По поводу одной немецкой книги было хорошо сказано, что она «langst sich nicht lesen» — не позволяет себя прочесть. Есть секреты, которые не позволяют себя рассказывать. Еженощно люди умирают в своих постелях, цепляясь за руки своих духовников и жалобно заглядывая им в глаза, умирают с отчаянием в сердце и со спазмой в горле — и все из-за потрясающих тайн, которые никоим образом не дают себя раскрыть. Увы — порою совесть человеческая возлагает на себя бремя ужасов столь тяжкое, что сбросить его можно лишь в могилу, — и, таким образом, сущность всякого преступления остается неразгаданной.

Как-то раз, поздним осенним вечером, я сидел у большого окна кофейни Д. в Лондоне. В течение нескольких месяцев я хворал, но теперь поправлялся, и вместе со здоровьем ко мне вернулось то счастливое расположение духа, которое представляет собою полную противоположность ennui[183] — состояние острейшей восприимчивости, когда спадает завеса с умственного взора — «axlns e prin epeen»[184] и наэлектризованный интеллект превосходит свои обычные возможности настолько же, насколько неожиданные, но точные определения Лейбница превосходят причудливую риторику Горгия[185]. Просто дышать — и то казалось наслаждением, и я извлекал удовольствие даже из того, что обыкновенно считается источником страданий. У меня появился спокойный и в то же время пытливый интерес ко всему окружающему. С сигарой во рту и газетой на коленях я большую часть вечера развлекался тем, что просматривал объявления, наблюдал разношерстную публику, собравшуюся в зале, или выглядывал на улицу сквозь закопченные стекла.

Это была одна из главных улиц города, и весь день на ней толпилось множество народу. Однако по мере того, как темнота сгущалась, толпа все увеличивалась, а к тому времени, когда зажгли фонари, мимо входа в кофейню с шумом неслись два густых бесконечных потока прохожих. В столь поздний вечерний час мне еще ни разу не приходилось занимать подобную позицию, и потому бушующее море людских голов пленяло меня новизною ощущений. В конце концов я перестал обращать внимание на то, что происходило вокруг меня, и всецело погрузился в созерцание улицы.

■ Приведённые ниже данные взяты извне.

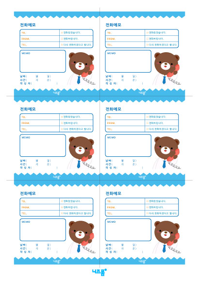 본 콘텐츠는 니즈폼(www.nizform.com)을 통해 서비스되는 메모지(전화메모_전화받는곰)(으)로서, 일반 가정용 프린터로 프린트하여 실선에 맞게 잘라서 사용하시면 됩니다.
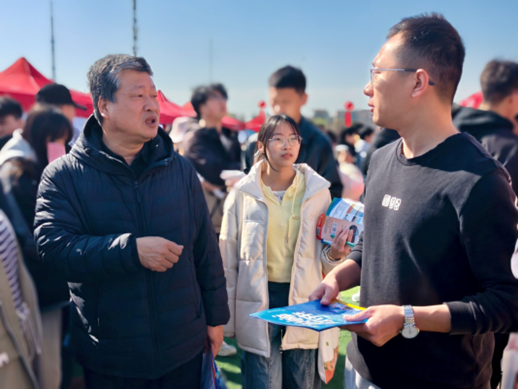 招聘会现场,各企业精心布置展位,充分展现自身特色。学院领导班子践行“深化校企合作、精准对接需求”的工作理念,分别带领一队毕业生,深入各展台与企业代表展开深入洽谈,并积极推荐我院各专业优秀毕业生。在交流过程中,学院领导系统介绍了物电学院的学科优势与人才培养特色,就企业招聘需求及毕业生表现进行动态反馈,进一步提升了校企对接效率与就业服务精准度。双方就深化产教融合、建立实习就业基地等事项达成初步共识,共同致力于为学生搭建更广阔的职业发展平台。
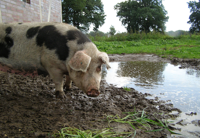 Norbert Mergen, fokker van bonte Bentheimers (landvarkens) kwam er per toeval achter dat de Japanse duizendknoop op zijn erf was verdwenen. De varkens op zijn erf hadden het onkruid opgegeten. Als grapje vertelde hij het aan een wethouder in Renkum: 'zet varkens in tegen de bestrijding van het onkruid.'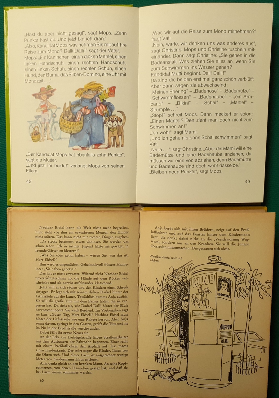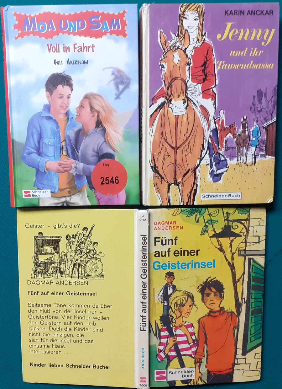 Schneider Verlag: Gull Åkerblom: Schwedische Schriftstellerin, geb. 1943 in Ulricehamn Moa und Sam: Voll in Fahrt Einbandillustrationen von Breunig / Vorbrugg, Ausgabe von 2002, 142 Seiten, sehr guter altersgemäßer Zustand Preis: 6 EURO Karin Anckar: Jenny und ihr Tausendsassa Schneider Verlag München, Ausgabe von 1969, Illustrationen von Ulrik Schramm; 124 Seiten; altersgemäßer guter Zustand, Preis: 6 EURO Eigentlich Karin Inez Maria Anckarsvärd, schwedische Jugendbuchautorin und Übersetzerin; geb. am 10. August 195 in Stockholm; gest. am 16. Januar 1969 in Malmö. Hier zur Illustratoren-Galerie mit typischen Arbeiten von Ulrik Schramm Dagmar Andersen: Fünf auf einer Geisterinsel Illustrationen von Nikolaus Moras (Deckelbild) und Friedrich A. Kohlsaat (Textillustrationen), Ausgabe von 1969, 74 Seiten, guter altersgemäßer Zustand Preis: 6 EURO Hier zur Illustratoren-Galerie mit typischen Arbeiten von Friedrich Kohlsaat Hier zur Illustratoren-Galerie mit typischen Arbeiten von Nikolaus Moras |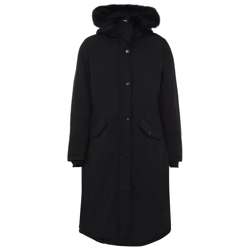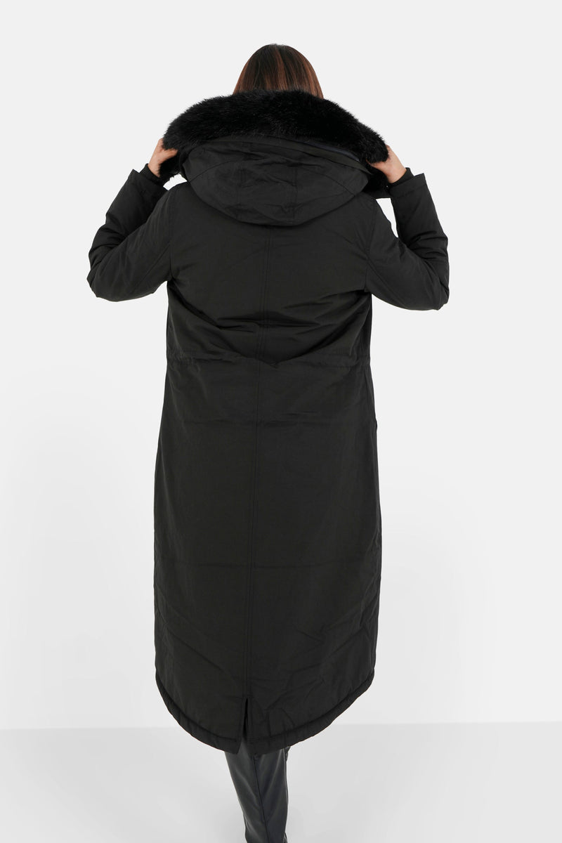 Fausse fourrure amovible au niveau de la capuche, poches à l'avant (doublées), fermeture boutonnée et zippée, bords-côtes aux poignets, taille ajustable à l'intérieur, poche intérieure.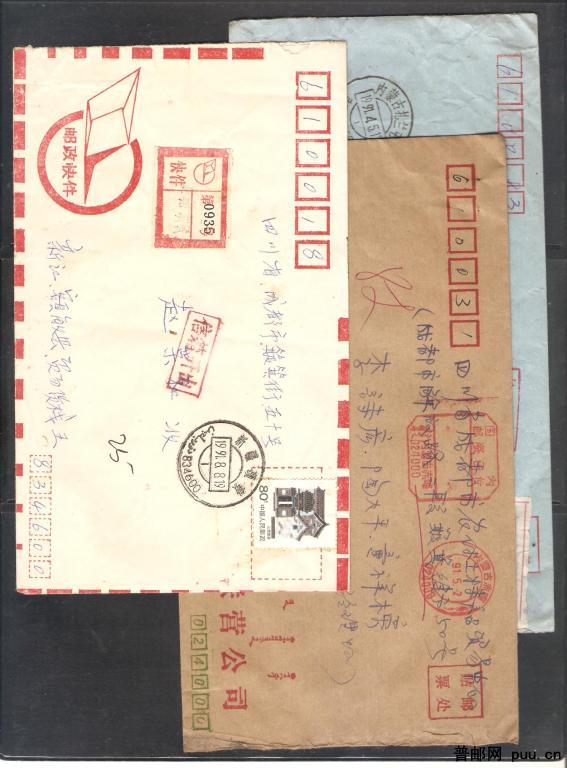 【拍卖】实寄封(快件、邮资已付)3件 (拍品编号:6688)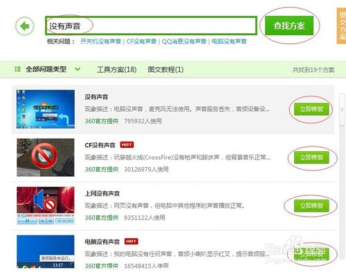 6、這里我們假設電腦沒有聲音,搜索出來以后可在當前頁面下下拉,找到與當下情況描述相符合的問題解決辦法,選擇修復。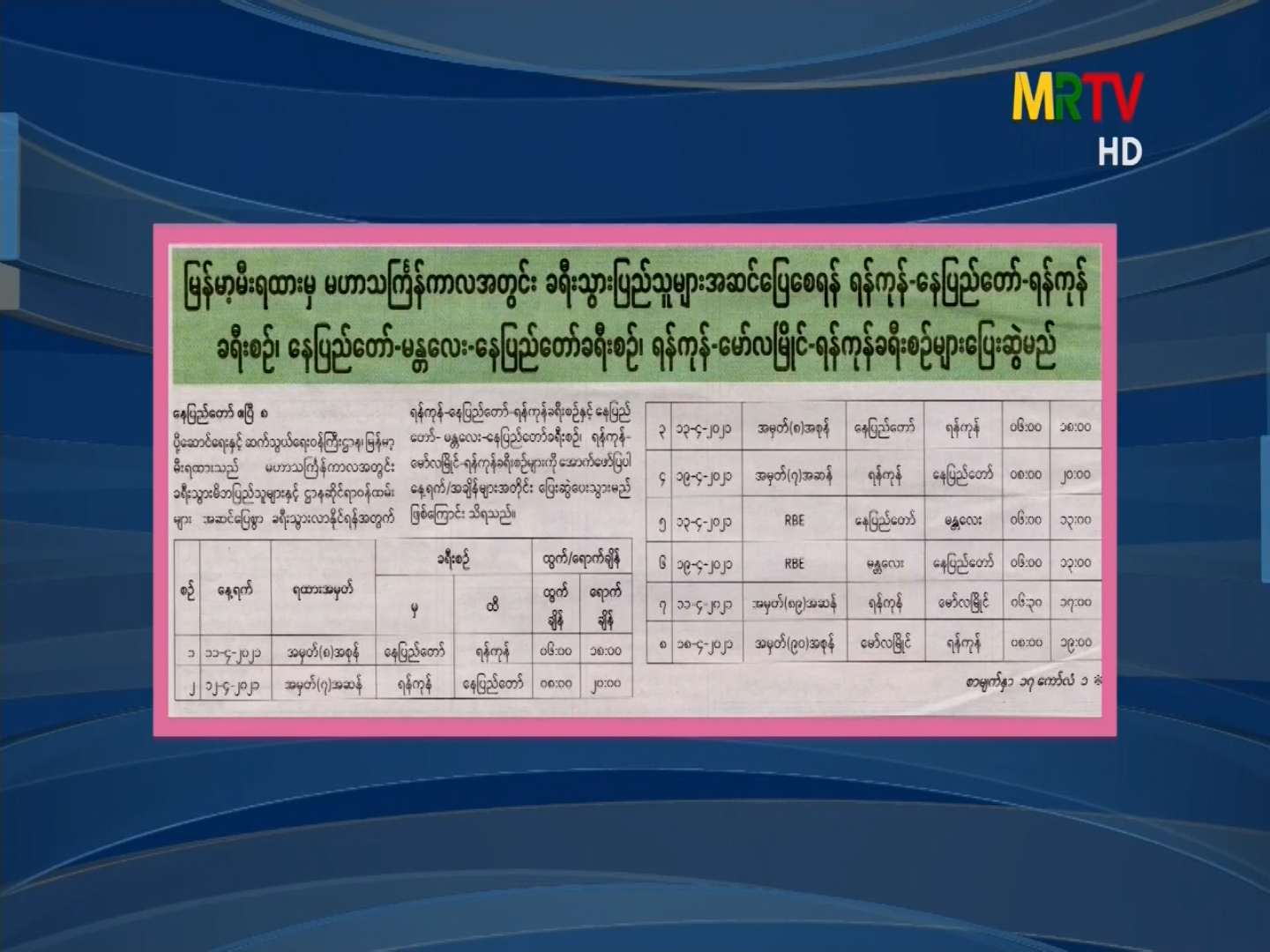 မြန်မာ့မီးရထားမှ မဟာသင်္ကြန်ကာလတွင် ခရီးသွားပြည်သူများ အဆင်ပြေစေရန် ရန်ကုန်-နေပြည်တော်-ရန်ကုန် ခရီးစဉ်၊ နေပြည်တော်-မန္တလေး-နေပြည်တော်ခရီးစဉ်၊ ရန်ကုန်-မော်လမြိုင်-ရန်ကုန် ခရီးစဉ်များ ပြေးဆွဲမည် Thursday, April 08, 2021 Friday, April 09, 2021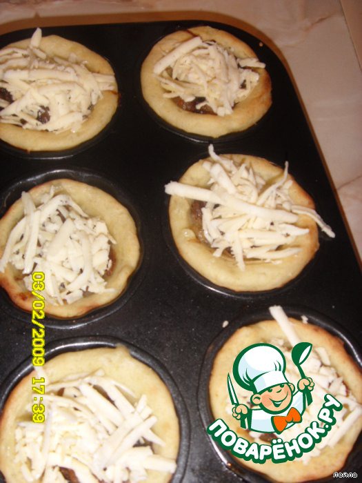 До готовности минут за 5 вытащить, обсыпать тертым сыром и допечь тарталетки.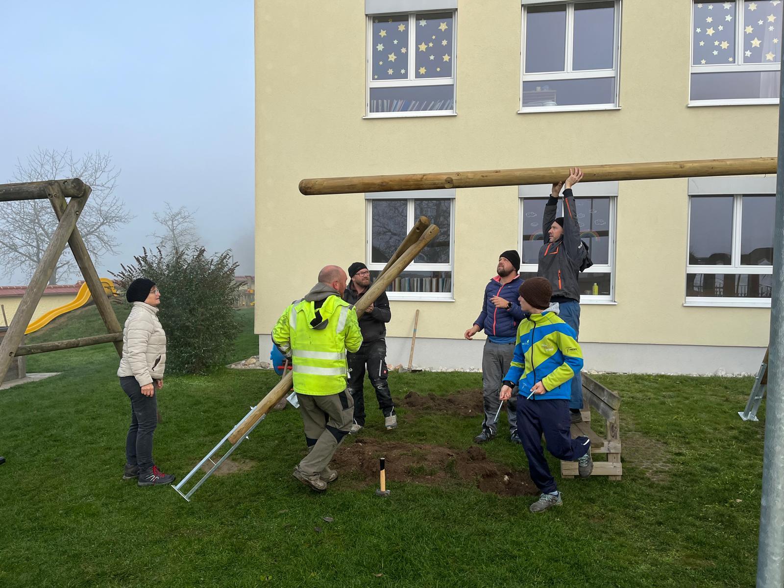 Schon seit der Errichtung der Kinderbetreuungseinrichtung in Kopfing in den 1970er Jahren engagieren sich viele Kopfinger für die Pfarrcaritas-Einrichtung. So auch diesmal, als die Spielgeräte im Garten instandgesetzt und repariert wurden.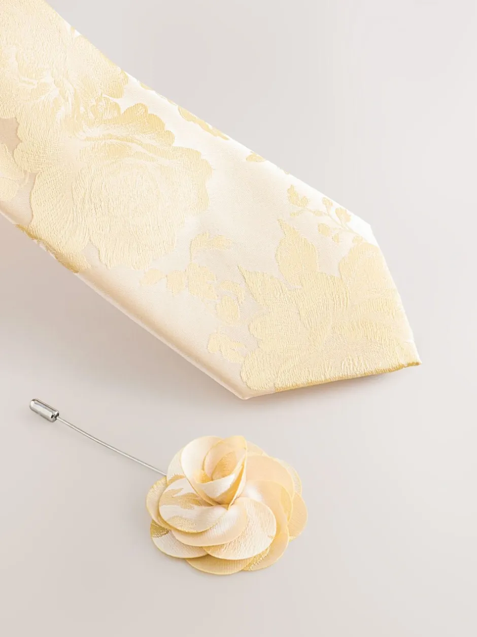 Next Jaune – Ensemble pochette à cravate et broche Clearance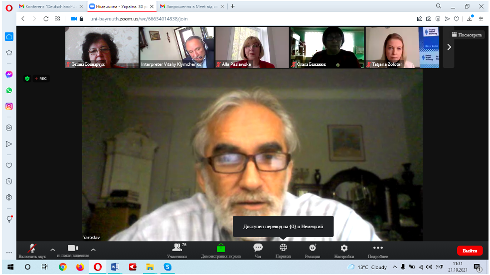 21 жовтня 2021 року науково-педагогічні працівники кафедри німецької мови у рамках співпраці із Асоціацією Українських Германістів взяли участь у роботі Міжнародної конференції «Deutschland – Ukraine. 30 Jahre Zusammenarbeit mit historischen Wurzeln» (онлайн). Метою конференції було представити останні 30 років співпраці між Україною та Німеччиною, а також історію німецько-українських взаємин до здобуття незалежності Української держави. З доповідями виступили відомі українські та німецькі історики, мовознавці та літературознавці, письменники та культурологи.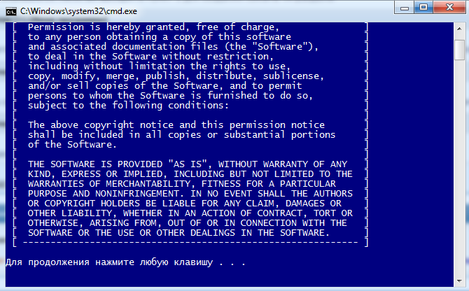 7. Вашему вниманию будет предоставлено окно командной строки с лицензионным соглашением

В начале наблюдения мои приняли отвлеченный, обобщающий характер. Я рассматривал толпу в целом и думал обо всех прохожих в совокупности. Вскоре, однако, я перешел к отдельным подробностям и с живым интересом принялся изучать бесчисленные разновидности фигур, одежды и манеры держаться, походку и выражение лиц.

У большей части прохожих вид был самодовольный и озабоченный, Казалось, они думали лишь о том, как бы пробраться сквозь толпу. Они шагали, нахмурив брови, и глаза их перебегали с одного предмета на другой. Если кто-нибудь нечаянно их толкал, они не выказывали ни малейшего раздражения и, пригладив одежду, торопливо шли дальше. Другие — таких было тоже немало — отличались беспокойными движениями и ярким румянцем. Энергично жестикулируя, они разговаривали сами с собой, словно чувствовали себя одинокими именно потому, что кругом было столько пароду. Встречая помеху на своем пути, люди эти внезапно умолкали, но продолжали с удвоенной энергией жестикулировать и, растерянно улыбаясь, с преувеличенной любезностью кланялись тому, кто им помешал, ожидая, пока он не уйдет с дороги. В остальном эти две большие разновидности прохожих ничем особенным не выделялись. Одеты они были, что называется, прилично. Без сомнения, это были дворяне, коммерсанты, стряпчие, торговцы, биржевые маклеры — эвпатриды[186] и обыватели, — люди либо праздные, либо, напротив, деловитые владельцы самостоятельных предприятий. Они меня не очень интересовали.

В племени клерков, которое сразу бросалось в глаза, я различил две характерные категории. Это были прежде всего младшие писари сомнительных фирм — надменно улыбающиеся молодые люди с обильно напомаженными волосами, в узких сюртуках и начищенной до блеска обуви. Если отбросить некоторую рисовку, которую, за неимением более подходящего слова, можно назвать канцелярским снобизмом, то манеры этих молодчиков казались точной копией того, что считалось хорошим тоном год или полтора назад. Они ходили как бы в обносках с барского плеча, что, по моему мнению, лучше всего характеризует всю их корпорацию.